To validate the results of our manifold analysis, we quantified the representational alignment of the FNN with both V1 and retina using standard alignment metrics from the literature (Kriegeskorte et al., 2008; Raghu et al., 2017; Yamins et al., 2014; Ostrow et al., 2023). We found that our result of the recurrent module being most aligned with biology in terms of decoding analysis was supported by these metrics (see Tables 1, 5). The DSA metric (Ostrow et al., 2023), while correctly showing higher values for tubular dynamics in the recurrent stage and after, wrongly predicted high alignment between the FNN’s L1 and the biological data. This is likely due to tubular trajectories arising for entirely different reasons (i.e., local stimulus periodicity).
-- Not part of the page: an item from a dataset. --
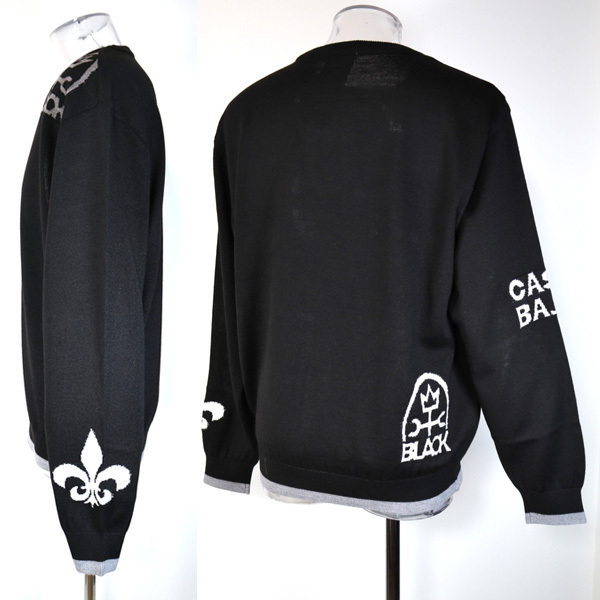 | ■形状/ 家紋とロゴが編み込まれた丸首(クルーネック)セーターです。 厚すぎずインナーで着用時もかさばりません。 |
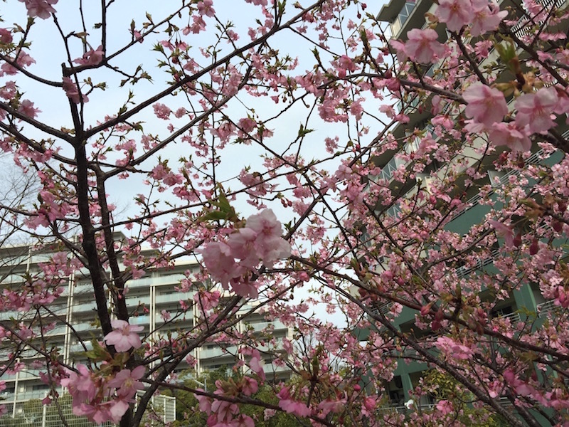 今日、介護中の母との散歩の途中で、集合住宅内の小さな公園に1本の桜が、ほぼ満開と言っていいくらいの綺麗な花を咲かせているのを見ました。

Moreover, smoothness and neuronal responses (PSTHs) in the encoding manifold showed a clear misalignment between the FNN’s recurrent stage and V1. This relationship was not captured by the standard metrics, underscoring the need for our analysis at the population level.

Table 1. Mean representational alignment metrics.

Mean of Representational Similarity Analysis (RSA), Canonical Correlation Analysis (CCA), Linear Predictivity (LP) and Dynamic Similarity An lysis (DSA). Details in Appendix A.12); individual values in Table 5.

Region Enc L1 Enc L2 Enc L4 Enc L5 Enc L7 Enc L8 Rec Readout Output
Retina 0.26 0.26 0.30 0.33 0.28 0.28 0.40 0.34 0.34
V1 0.29 0.21 0.32 0.30 0.30 0.32 0.53 0.38 0.48

4. Discussion

Decoding manifolds and trajectories allow us to assess whether networks achieve comparable degrees of stimulus representation and separability. Encoding manifolds, on the other hand, evaluate at a global level how the responses and global organization of individual neurons compare to those in biological systems; in other words, whether the FNN and biological networks employ similar encoding mechanisms to produce similar outputs. Finally, decoding trajectories serve as a surrogate for computation, reflecting the dynamics of activity over the neural state space (cf. (Hopfield, 1984)). Our analysis of the FNN revealed an increasing richness of representation up to the recurrent module (cf. Hoeller et al. (2024); see also contrasts with Xu et al. (2023); Nayebi et al. (2023); Froudarakis et al. (2020)). However, most PSTHs lacked the characteristic temporal response profiles observed in biological recordings (Ringach et al., 2016; Ko et al., 2011). Since the FNN was trained to predict neural spike trains, classification behavior evolved implicitly (cf. Table 3)). Thus, it is plausible that the recurrent features are sufficiently complex for robust feature representation and that the subsequent modules serve to fit the neural data rather than to provide additional biologically meaningful computations.

However, the highly clustered topology of the latent representation observed in the readout module was not consistent with that of the retina or cortex (cf. Baden et al. (2016); Dyballa et al. (2024a), nor with those of higher visual areas (cf. Glickfeld & Olsen (2017); Dyballa et al. (2024b); Yu et al. (2022)). Nevertheless, the rich dynamics within each feature map (as evident in the PSTHs), together with their large number, seem to enable the output layer to capture the complex response patterns of neurons, resulting in the network’s strong performance in predicting neural activity. Still, it is somewhat surprising that such biologically realistic outputs are produced at the FNN’s output through a simple linear combination of readout features—one would expect the fitting of neural activity to occur throughout the entire network, rather than as a separate appendage module.

Our analysis pipeline was validated by its overall agreement with commonly used alignment metrics (Kriegeskorte et al., 2008; Yamins et al., 2014; Raghu et al., 2017; Ostrow et al., 2023) in predicting the closest alignment at the recurrent stage. However, the reliability of such metrics has been questioned in the recent literature (Schaeffer et al., 2025; Anonymous, 2025; Bowers et al., 2023; Lampinen et al., 2025; Dujmovic et al., 2024; Serre, 2019b). Beyond this high-level alignment, our analysis also exposed some limitations of these alignment approaches, such as with the DSA metric (Ostrow et al., 2023). This highlights the advantage of our manifold-based framework over simple metric inspection: it provides a deeper understanding of the model’s internal computations and representations. Tubularity was developed as a descriptive, data-driven characterization of population-level temporal organization. Rather than constituting an optimality principle for model design, it highlighted a salient structural property empirically present in biological recordings that was absent in early FNN layers.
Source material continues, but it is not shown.